KT : Je cesse à un moment, en effet, de jouer de la basse électrique pour me consacrer à l’ordinateur qui exige un temps long d’exploration et de connaissances techniques si l’on veut en maîtriser toutes les ressources… et puis j’y reviens, parce qu’elle fait partie intégrante de moi-même, mais je la relie directement à l’ordinateur.

RM : Je crois savoir que votre BasseComputer n’est pas un instrument de série.
KT : La basse électrique dans sa fonction au sein d’un ensemble rock ou pop ne m’intéresse pas du tout. Ma BassComputer à cinq cordes a été construite sur mesure, par le luthier Philippe Dubreuille, avec des cordes sympathiques comme le théorbe et j’en ai fait un instrument soliste que je joue d’ailleurs assis, pour éviter l’image « rock »; elle a même été modelée à ma cuisse!

RM : Vous vous êtes constitué un répertoire?
KT : j’ai en effet écrit pour mon instrument et transcrit des pièces existantes (Density 21,5 de Varèse ou Okanagon de Scelsi) mais je sollicite aussi des commandes de la part d’autres compositeurs: Elemental II, paru sous mon label ROSA en 2011, est une pièce de 50′ d’Eliane Radigue, qui acceptait pour la première fois en 2004 d’écrire sans utiliser de sons préenregistrés. Sept ans plus tard, il m’a paru intéressant d’en fixer une autre interprétation, tant cette musique, comme celle du répertoire classique, peut offrir de nouveaux éclairages en fonction de l’approche évolutive que l’on en a. D’autres compositeurs ont également écrit pour moi et mon instrument: Dror Feller, Zbigniew Karkowski, Francisco Lòpez, Phill Niblock… d’autres collaborations sont en cours.

RM : La question du médium instrumental reste en fait au cœur de votre travail puisque vous fondez en 2004, avec Erik Abecassis et Wilfried Wendling, un trio d’ordinateurs.
KT : Kernel est en effet un collectif d’interprètes/compositeurs sur ordinateur qui jouent la musique en direct, sans aucun support préenregistré; j’ai composé et enregistré en 2008 The Deep, une pièce d’une heure environ, qui ne sollicite que les ressorts de l’ordinateur, comme d’ailleurs celle d’Erik Abecassis, Drowning Report de 2009, qui figure sur un autre album de Kernel avec mon Dust reconstruction, mais nous n’avons pas encore convaincu les compositeurs à « écrire » pour Kernel.

RM : D’ou vient ce titre qui sonne si bien?
KT : Kernel est le cœur du système informatique, « la boite noire » en quelque sorte de notre instrument.

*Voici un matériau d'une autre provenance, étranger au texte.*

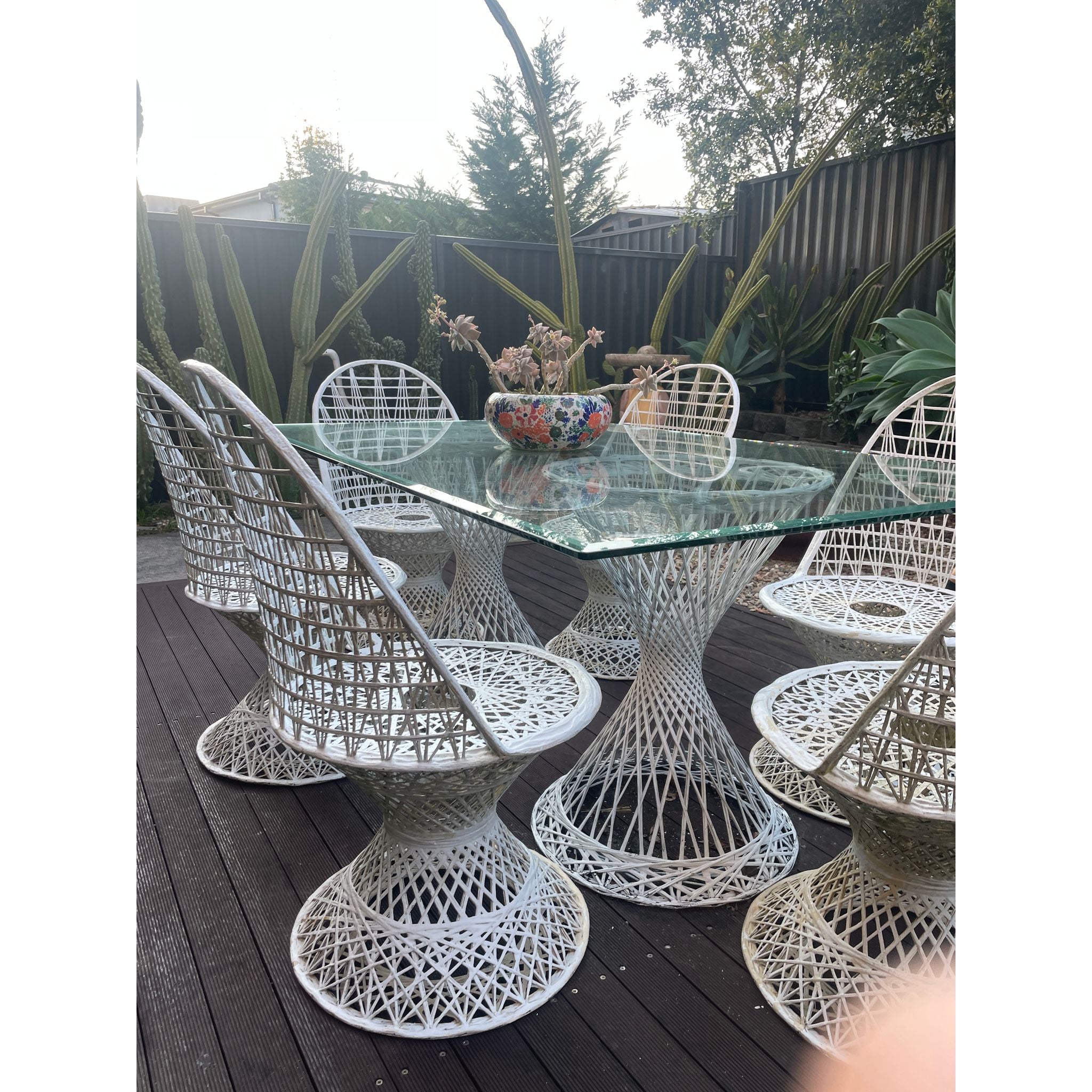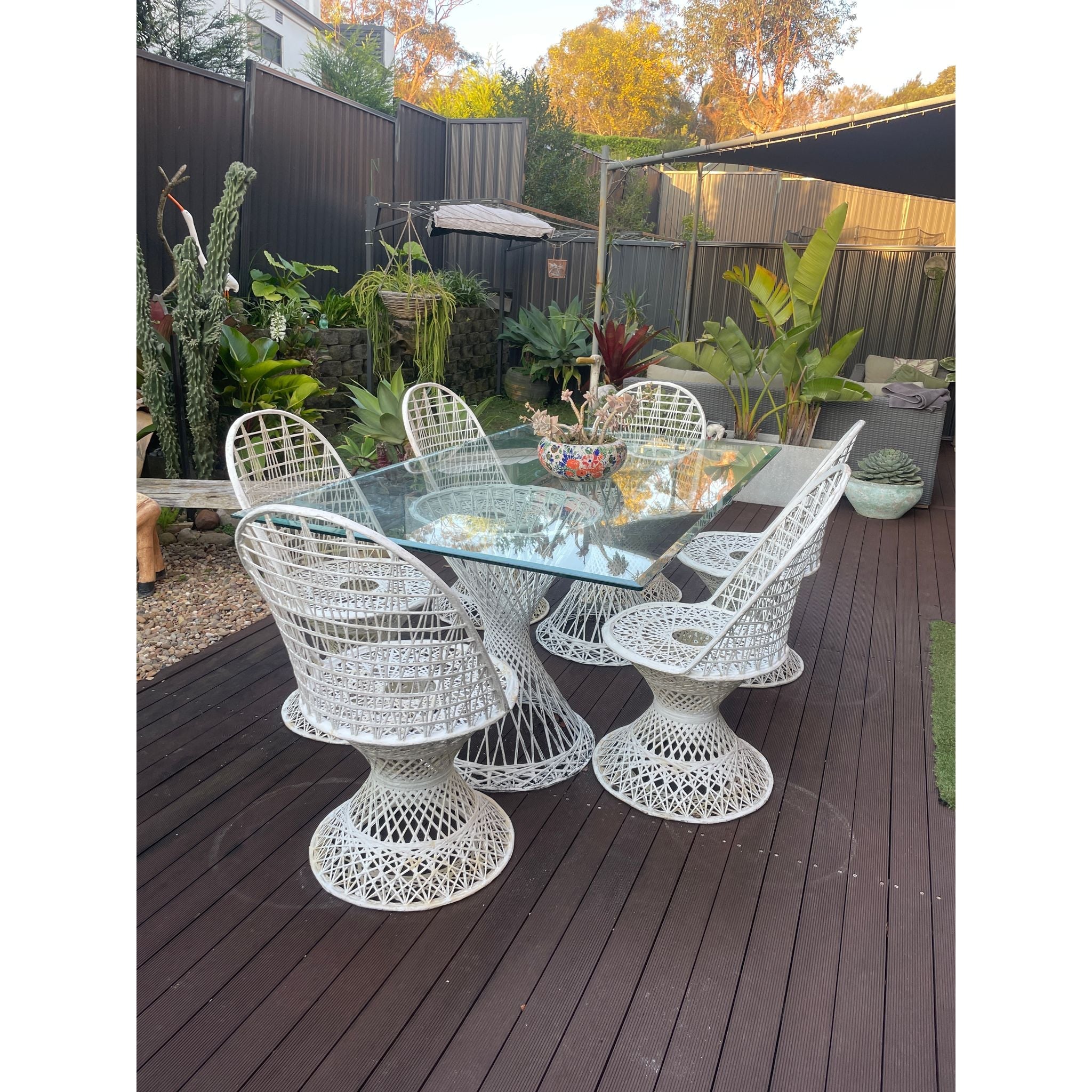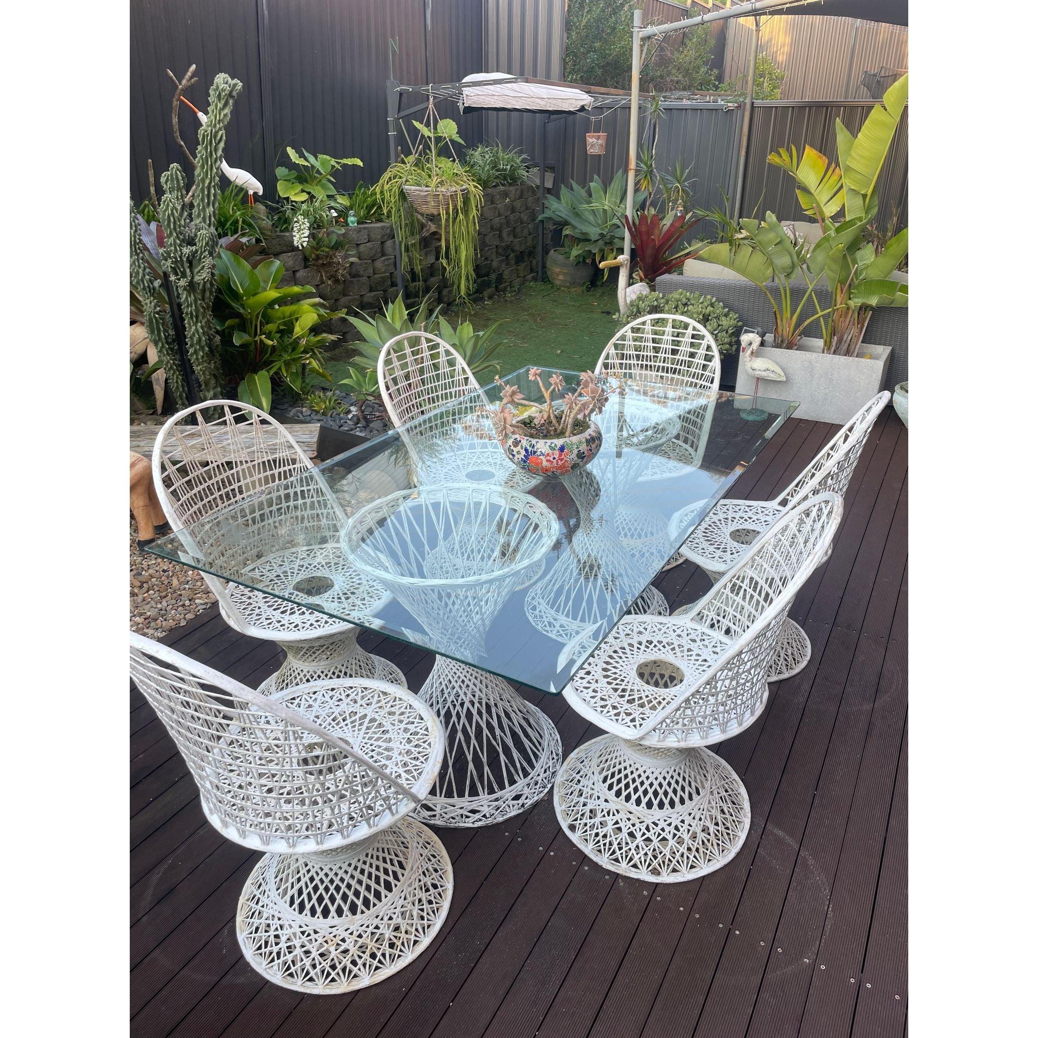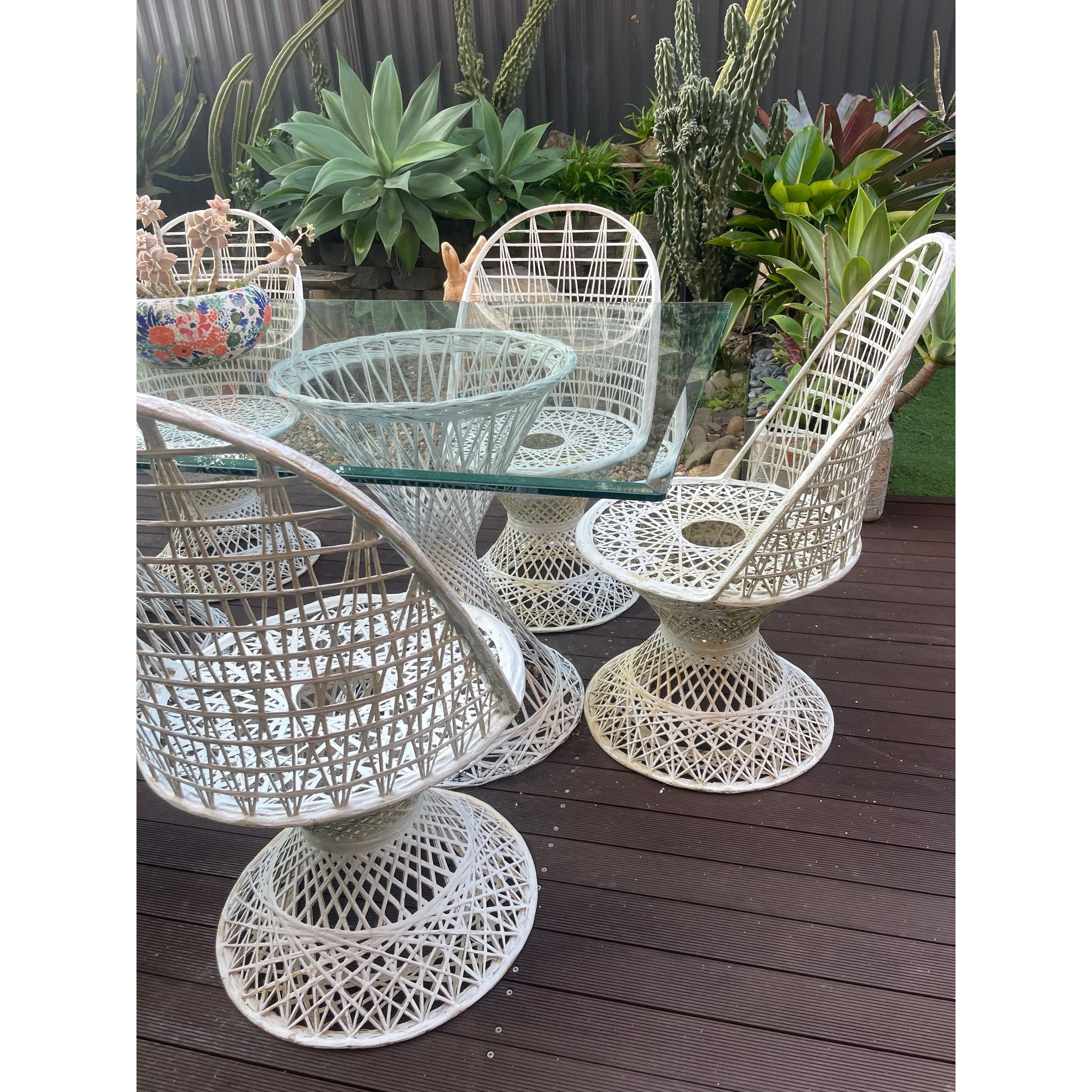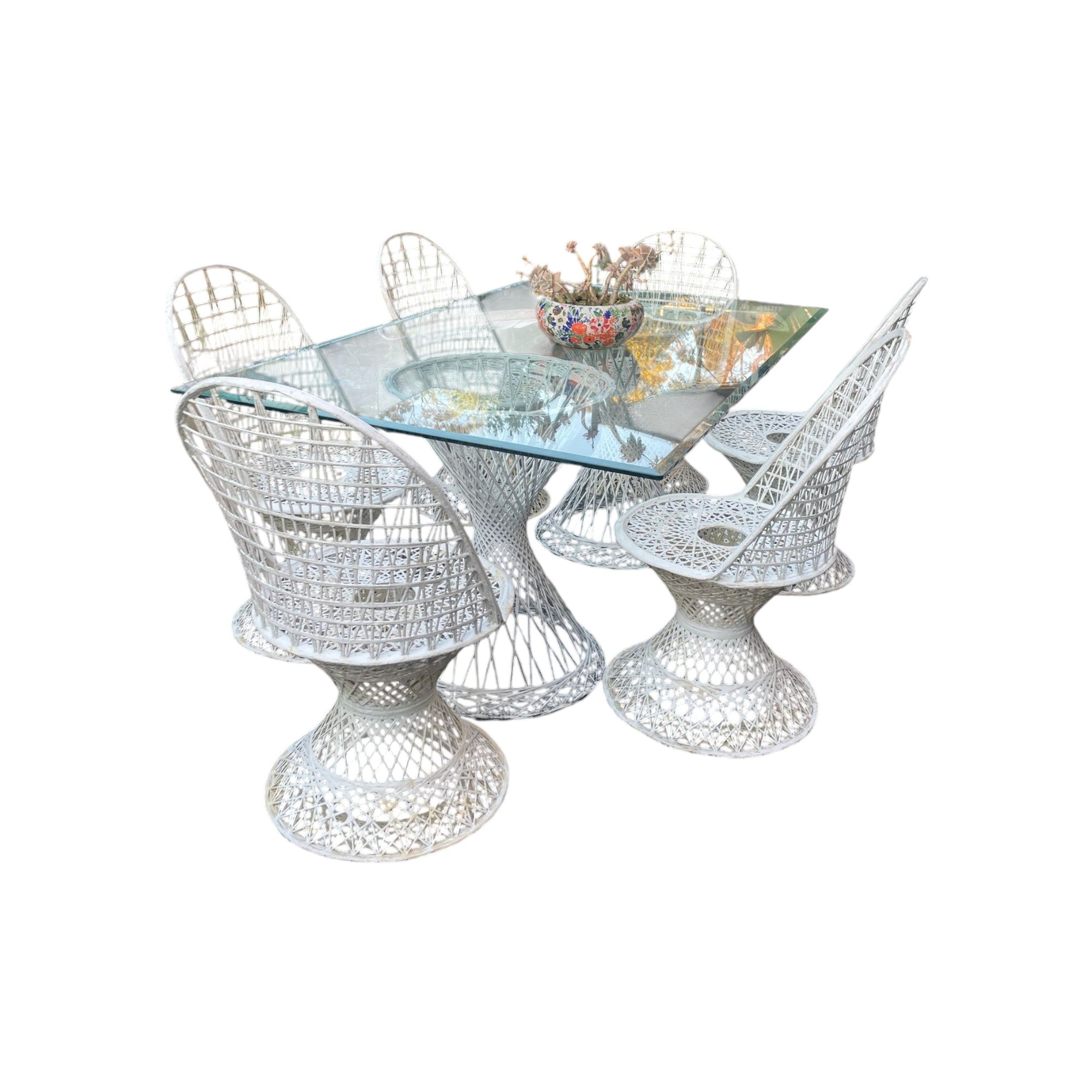 Bring mid-century modern elegance to your outdoor space with this Russel Woodard outdoor set in crisp white. Renowned for its sculptural, airy designs and durable construction this set combines timeless style with functional comfort making it perfect for patios, gardens or poolside entertaining.

RM : Dans Inoculate? (lire notre chronique CD) qui m’impressionne beaucoup, vous êtes seul à votre machine mais vous sollicitez trois instrumentistes, le Trio Journal intime, et une danseuse, Deborah Lary.
KT : C’est une commande de qui m’a permis de concevoir le projet en tant que spectacle dans lequel les gestes de la danseuse s’inscrivent en direct dans la trajectoire sonore; elle a en effet sur elle des capteurs de mouvement qui vont, selon ses déplacements, interagir en permanence avec les logiciels de transformation pour apporter ce rien d’imprévisibilité qu’engendre toute performance: en fait, pour moi, il s’agit d’un autre musicien mais dont l’instrument est le corps et sa gestuelle.

RM : L’écriture instrumentale est-elle entièrement fixée?
KT : Elle l’est sous forme de graphiques en fonction des données de l’ordinateur, mais aussi de façon plus classique, solfégique, et conserve inévitablement une part d’indétermination, qui ne doit pas être confondue avec l’improvisation. Ma musique est composée (mélange de partitions graphiques et d’écriture plus traditionnelle), mais elle est soumise, comme toute partition, y compris la plus traditionnelle, à la part de variabilité d’une exécution « live ». Et « live » ma musique l’est plus que la majorité des musiques électroniques, puisque je n’utilise pas de fichiers-sons fabriqués à l’avance, mais que tous les sons sont joués et synthétisés, en temps réel, dans le moment du jeu.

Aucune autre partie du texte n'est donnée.